18. Juli 2022 aktualisiert von: University of applied sciences

Der Verlauf und die Neuroplastizität bei Nackenschmerz-assoziierten Erkrankungen und Schleudertrauma-assoziierten Erkrankungen in der Allgemeinbevölkerung: Eine einjährige prospektive beobachtende Kohortenstudie PROCO-Neck

Nackenschmerzen-assoziierte Erkrankungen (NAD) und Schleudertrauma-assoziierte Erkrankungen (WAD) sind große Gesundheitsprobleme. NAD hat eine Lebenszeitprävalenz von 54 %. Obwohl sich die Mehrheit der Patienten innerhalb der ersten drei Monate erholt, entwickelt eine Minderheit anhaltende Schmerzen. WAD hingegen wird seltener gemeldet, aber die Patienten leiden oft stärker. Patienten mit chronischen Symptomen stellen eine erhebliche Belastung in Bezug auf Schmerzen, Leiden, medizinische Versorgung und soziale Kosten dar. Die Erkenntnisse über den natürlichen Verlauf von NAD und WAD spiegeln die Notwendigkeit wider, Faktoren neben Schmerzen zu identifizieren, die mit der Persistenz von Symptomen zusammenhängen. Erstens können Änderungen der Eingabe und Verarbeitung mehrerer sensorischer Modalitäten, die zu einer Beeinträchtigung der Bewegungskontrolle führen, zu anhaltenden Symptomen führen und die Lebensqualität beeinträchtigen. Außerdem stützen Erkenntnisse zu psychosozialen Faktoren, die Schmerzergebnisse vorhersagen, die wachsende Zahl von Forschungsarbeiten, die eine bidirektionale Beziehung zwischen somatischen und psychosozialen Variablen vorschlagen. Neben dem Angstvermeidungsverhalten bei NAD und WAD besteht insbesondere die dringende Notwendigkeit, schmerzbezogene Aktivitätsmuster zu untersuchen.

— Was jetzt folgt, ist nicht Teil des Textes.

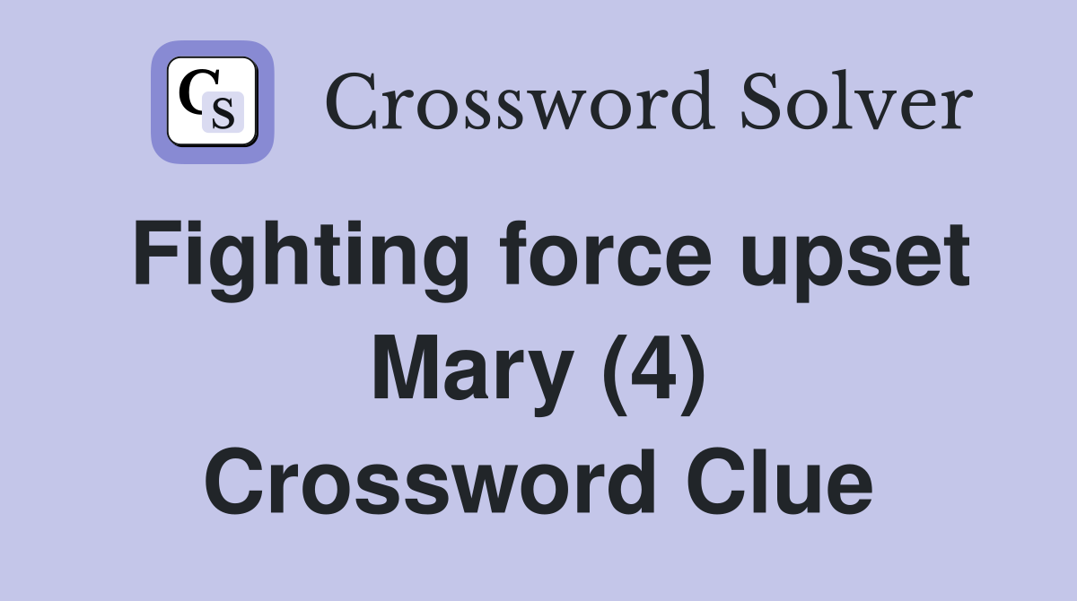 Fighting force upset Mary (4) Crossword Clue Answers Crossword Solver

Maladaptive Aktivitätsmuster haben einen Einfluss auf Schmerzen und Behinderungen in der Langzeitprognose. Angesichts der hohen Prävalenz von NAD und WAD ist es wichtig, dass die kortikale Repräsentation der Halswirbelsäule noch nicht untersucht wurde und Berichte über Neuroplastizität nach wie vor rar sind. Diese Mängel sollten angegangen werden, um den zeitlichen Aspekt der Neuroplastizität und ihre Beteiligung an der Schmerzpersistenz zu belegen.

Hypothesen:

Wir vermuten I., dass beeinträchtigte sensomotorische Fähigkeiten und mentale Gesundheit zu Studienbeginn die Schmerzintensität und Behinderung während der Messung erhöhen.

II. dass maladaptive schmerzbezogene Aktivitätsmuster, Vermeidung und Überaktivität zu Studienbeginn prognostische Faktoren für Schmerzpersistenz und Behinderung sind.

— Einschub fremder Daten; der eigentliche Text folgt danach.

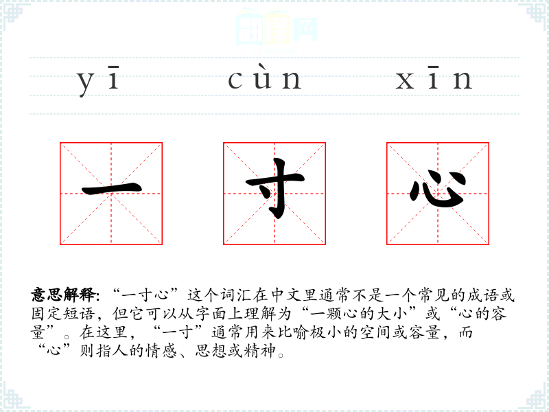 - 反义词:无(由于“一寸心”不是一个常用词汇,反义词不明显)

III. dass die WAD-Kohorte im Vergleich zur NAD-Kohorte mehr Depressionen, Angstzustände und Stress zeigt.

Studienübersicht

Status

Noch keine Rekrutierung

Bedingungen

Intervention / Behandlung

Detaillierte Beschreibung

Das vorgeschlagene Projekt besteht aus zwei Teilen. Die prospektive Studie wird klinische und kognitive Verhaltensdaten zu vier Zeitpunkten (1-3-6-12 Monate) nach dem Einsetzen der Schmerzen bewerten. Teil I untersucht sensomotorische Funktionen und kognitive Verhaltensvariablen bei NAD und WAD unter Verwendung modernster klinischer Bewertungen und Fragebögen, die in einer Online-Umfrage präsentiert wurden. Teil II untersucht erstmals die Repräsentation der Halswirbelsäule in einer Kontrollgruppe und untersucht anschließend neuroplastische Veränderungen in sensomotorischen Netzwerken. Die Assoziation von klinischen Test-, Fragebogen- und Neuroimaging-Daten kann als Hinweis auf die Entwicklung anhaltender Symptome bei NAD und WAD bzw. Schutzmechanismen bei einer Remission der Symptome dienen. Unser Ziel ist es, Einblicke in den zeitbezogenen Prozess von NAD und WAD - seine Gemeinsamkeiten und Unterschiede - zu gewinnen, die sich aus den Veränderungen in der sensorischen Verarbeitung, der Bewegungsleistung und ihrer Wechselwirkung mit kognitiven Verhaltensfaktoren ergeben. Der prospektive Ansatz könnte zeitabhängige Prozesse beim Übergang vom akuten zum anhaltenden Schmerzzustand beleuchten. Die vorgeschlagene Forschung ist nutzerorientiert und hat das Potenzial, von einer Vielzahl von Angehörigen der Gesundheitsberufe in eine zielgruppenorientierte Bewertung und Behandlung von NAD und WAD umgesetzt zu werden.

Primäre Ziele:

I. Beobachtung funktioneller, klinischer und psychosozialer Variablen durch Verwendung klinischer Tests und Online-Umfragen für 12 Monate in akuten NAD- und WAD-Kohorten in der Bevölkerung im erwerbsfähigen Alter.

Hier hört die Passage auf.